START Recorded information

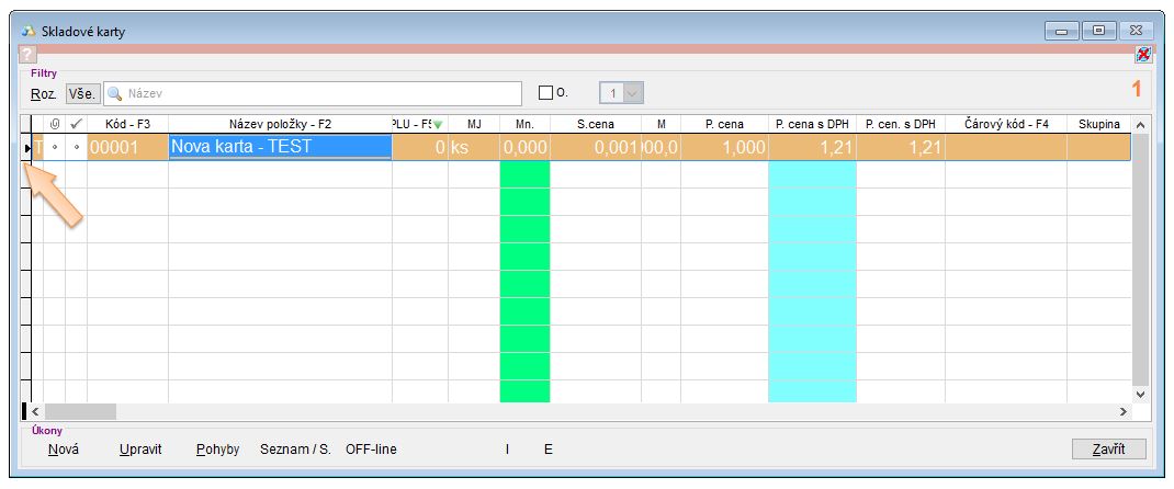 Velikost písma je možné upravovat rovněž ve všech formulářích aplikace. Stačí se v seznamu postavit myší mezi první a druhý řádek a do úplně prvního sloupce před označení typu skladových karet. Zobrazí se posuvník se šipkou směrem nahoru a dolů. Pomocí něj je možné výšku řádku zvětšit, čímž se automaticky upraví velikost písma.
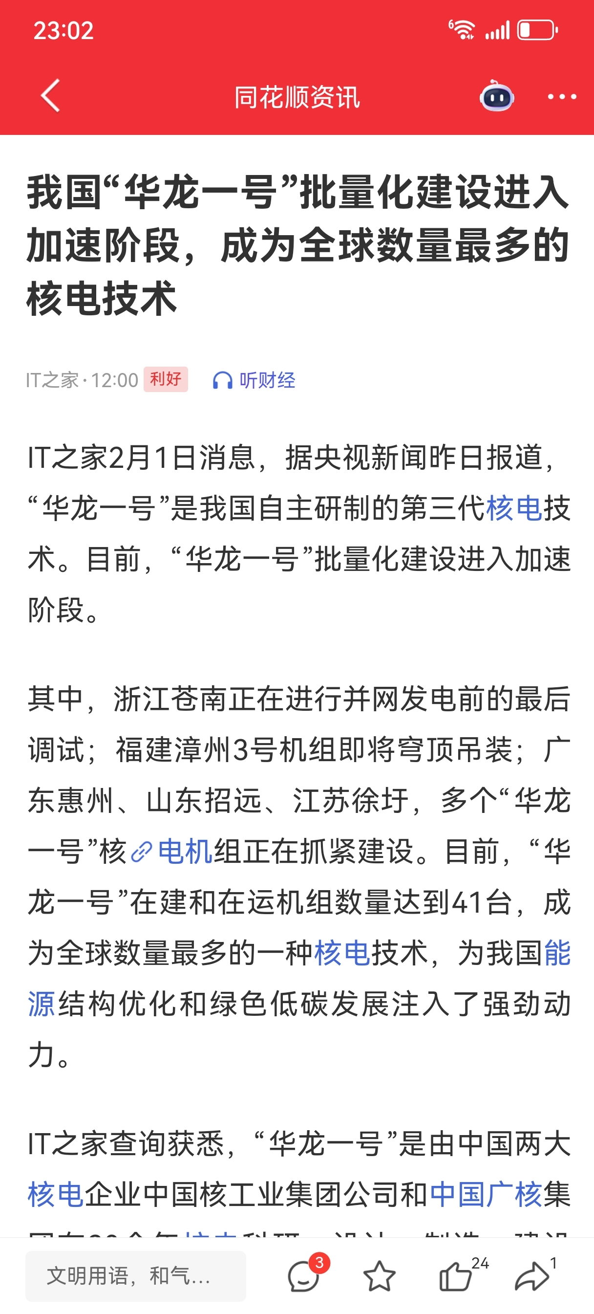 $电投产融(SZ000958)$ 国和一号示范机组都没全部商业化,接下来莱阳核电批准,也要2030年以后才能并网发电,那才是第三台。市场短期不会认可,十五五还是华龙一号为主导。国和一号批量化了,可控核聚变技术又上了一个台阶,市场冷落,是有原因的。
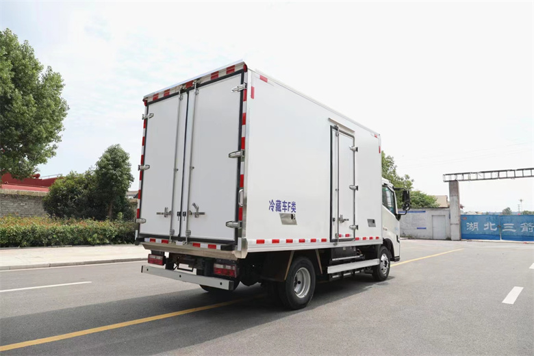 吉利遠程星智4米2純電動冷藏車車廂內部尺寸:4000 x2100x2100(mm),冷藏箱板是由鍍鋅管骨架加上環保防水木板一次成型,中間8CM新型環保輕量化保溫材料,加厚3.0玻璃鋼,高強度粘合劑、熱壓成型,外框采用304不銹鋼、加厚鋁型材包邊、27不銹鋼大門鎖、配件,箱體拼接出來不打膠無縫隙,降溫速度快、散溫慢、保溫效果好,門帶斜邊,副梁是510大梁鋼一次性折成,用壓板鎖緊,側護網和后保險杠一次性成型。

END Recorded information

- [Exercise description]: Print the material above verbatim except the pictures.

- [Task output]:
 Velikost písma je možné upravovat rovněž ve všech formulářích aplikace. Stačí se v seznamu postavit myší mezi první a druhý řádek a do úplně prvního sloupce před označení typu skladových karet. Zobrazí se posuvník se šipkou směrem nahoru a dolů. Pomocí něj je možné výšku řádku zvětšit, čímž se automaticky upraví velikost písma.
 $电投产融(SZ000958)$ 国和一号示范机组都没全部商业化,接下来莱阳核电批准,也要2030年以后才能并网发电,那才是第三台。市场短期不会认可,十五五还是华龙一号为主导。国和一号批量化了,可控核聚变技术又上了一个台阶,市场冷落,是有原因的。
 吉利遠程星智4米2純電動冷藏車車廂內部尺寸:4000 x2100x2100(mm),冷藏箱板是由鍍鋅管骨架加上環保防水木板一次成型,中間8CM新型環保輕量化保溫材料,加厚3.0玻璃鋼,高強度粘合劑、熱壓成型,外框采用304不銹鋼、加厚鋁型材包邊、27不銹鋼大門鎖、配件,箱體拼接出來不打膠無縫隙,降溫速度快、散溫慢、保溫效果好,門帶斜邊,副梁是510大梁鋼一次性折成,用壓板鎖緊,側護網和后保險杠一次性成型。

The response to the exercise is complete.